HIV = human immunodeficiency virus. VA = Veterans Affairs.

Admitting Diagnosis

We obtained principal and secondary International Classification of Diseases, 9th Revision (ICD-9), diagnoses codes assigned to the hospitalization. VA data also included a separate principal MICU diagnosis that was the same as the principal hospital diagnosis for 90% of VA admissions. Principal MICU diagnosis was not available for Medicare admissions. For the purposes of this article, the term MICU admission diagnosis is used interchangeably with principal hospital diagnosis. Principal diagnoses were grouped into the following mutually exclusive categories: respiratory, cardiovascular (primary cardiac diagnoses only), infection including sepsis and shock (ISS), gastrointestinal/liver, neurologic (including cerebrovascular diagnoses), endocrine, cancer, renal, and other (see Supplemental Table 2 for ICD-9 codes used for disease categories, Supplemental Digital Content 1, http://links.lww.com/CCM/A607). We found that HIV+ often had a principal diagnosis of simply HIV. Based on secondary diagnoses, we assigned HIV+ with respiratory failure (including Pneumocystis jiroveci pneumonia [PCP]) to respiratory diseases and those with sepsis to ISS. Opportunistic infections (OIs) as defined by Centers for Disease Control (39) were tabulated from principal and secondary diagnoses. ICD-9 procedure codes for mechanical ventilation were obtained from VA and Medicare data.

VACS Risk Index

The VACS Risk Index was calculated only in patients admitted to VA MICUs because the laboratory values needed to calculate the index were not available in the Medicare data. The VACS Index is a composite of age, CD4 cell count, HIV RNA, hemoglobin, eGFR estimated from serum creatinine, hepatitis C infection (ICD-9 code or serum laboratory antibody positive, respectively), and FIB-4 (a measure of liver cirrhosis that includes age, AST, ALT, and platelet count; Supplemental Table 1, Supplemental Digital Content 1, http://links.lww.com/CCM/A607) (11, 34).

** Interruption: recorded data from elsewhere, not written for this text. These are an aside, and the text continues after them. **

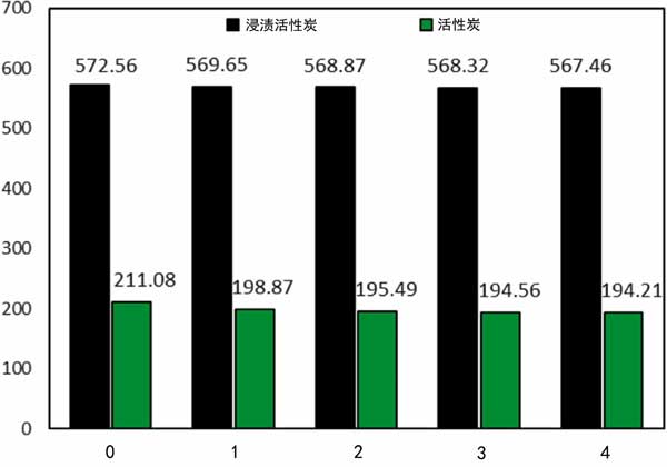 為了研究吸附劑吸收汽油蒸汽的性能,我們進一步評估了樣品在吸附-解吸循環(huán)中的可重復(fù)使用性。在恒溫下,1小時后,當(dāng)吸附劑達到飽和狀態(tài)時,浸漬再生過程。四個吸附循環(huán)后,蒸汽吸附容量為567mg/g,所用吸附劑保持大量吸收分子。HMTA-AC-D樣品表明蒸汽吸收略有減少約0.89%,而活性炭樣品的這一量為7.9%(圖3)。在高循環(huán)下,由于孔隙的逐漸破壞和不完全脫氣,吸收量可能會顯著降低。根據(jù)我們的發(fā)現(xiàn),與文獻相比,制成的吸附劑在物理和熱學(xué)上表現(xiàn)出更高的穩(wěn)定性。這些結(jié)果表明,樣品在回收汽油蒸汽時具有很高的可持續(xù)性,可以作為一種有效的吸附劑提出并考慮。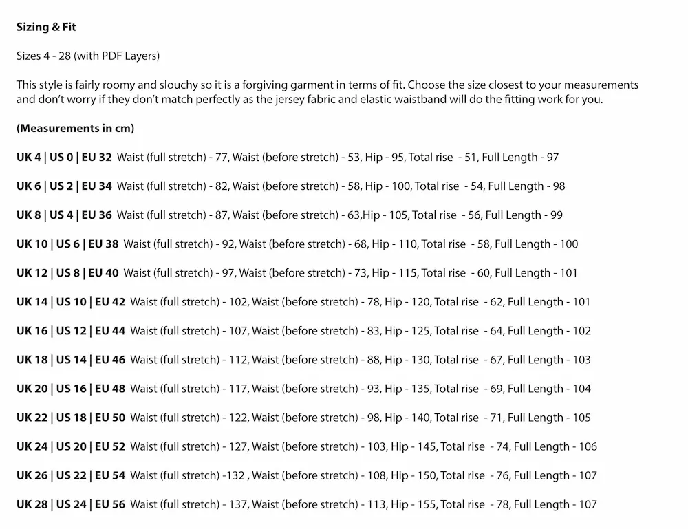 Sizes 4 - 28 (with PDF Layers)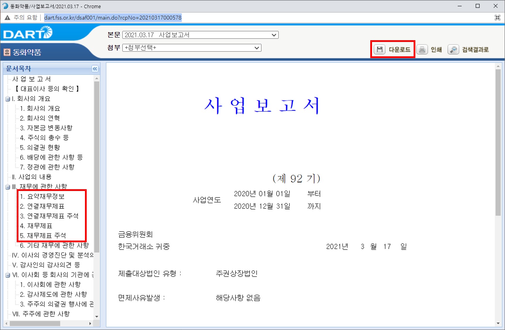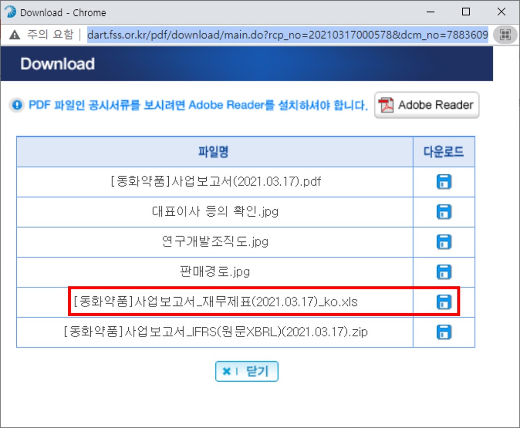 사업보고서 오른쪽 위에 보이는 "다운로드" 아이콘을 클릭해 보자. 새로운 창이 열리면서 재무제표 엑셀파일을 다운받을 수 있는 메뉴를 제공해준다. 이 부분을 클릭하면 파일이 컴퓨터에 저장된다. 이 과정을 컴퓨터에게 맡길 수도 있다. 열려 있는 각각의 창이 가리키고 있는 URL을 잘 따라가보면 된다.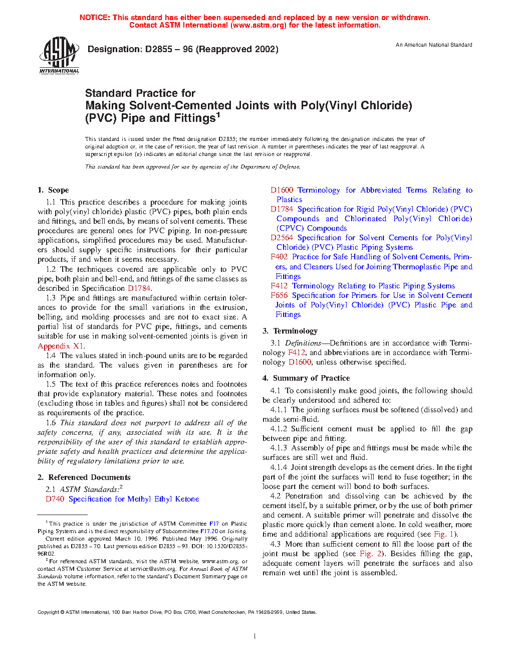 1.5 A partial list of standards for PVC and CPVC pipe, piping components, and solvent cements suitable for use in joining pipe and fittings is given in Appendix X1.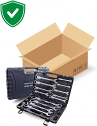 Klíče jsou vyrobeny z chrom‑vanadiové oceli (CrV) pro vysokou odolnost proti opotřebení, korozi i deformacím. Ergonomický tvar zajišťuje jistý úchop a efektivní přenos síly, zatímco odolný přepravní kufr udržuje nářadí přehledně uspořádané a chráněné při transportu.

Components of the VACS Index were categorized and assigned point values via a previously established system and summed to calculate a score (34, 35). Lab values obtained the day before, day of, or day after MICU admission were considered. The worst value for each lab in this interval was chosen, consistent with other ICU scoring systems (29, 30). Complete labs were available for 92% of HIV+ and 80% of uninfected patients.

Other Covariates

Comorbidities occurring up to 30 days prior to hospitalization were identified by at least one inpatient or two outpatient ICD-9 codes for the condition. This approach has been shown to improve the specificity of these codes (38). Patients were classified as having a history of pneumonia if they had one or more episode of prior pneumonia without restricting the definition to recurrent pneumonia within 12 months. Combination ART use, defined as receiving at least three antiretroviral medications for greater than 30 days within the 90 days prior to hospitalization, was determined from VA pharmacy databases. We chose a 90-day window because 90-day supplies of medications are frequently provided. This assured that HIV+ on ART should have received at least one refill within the 90 days prior to admission.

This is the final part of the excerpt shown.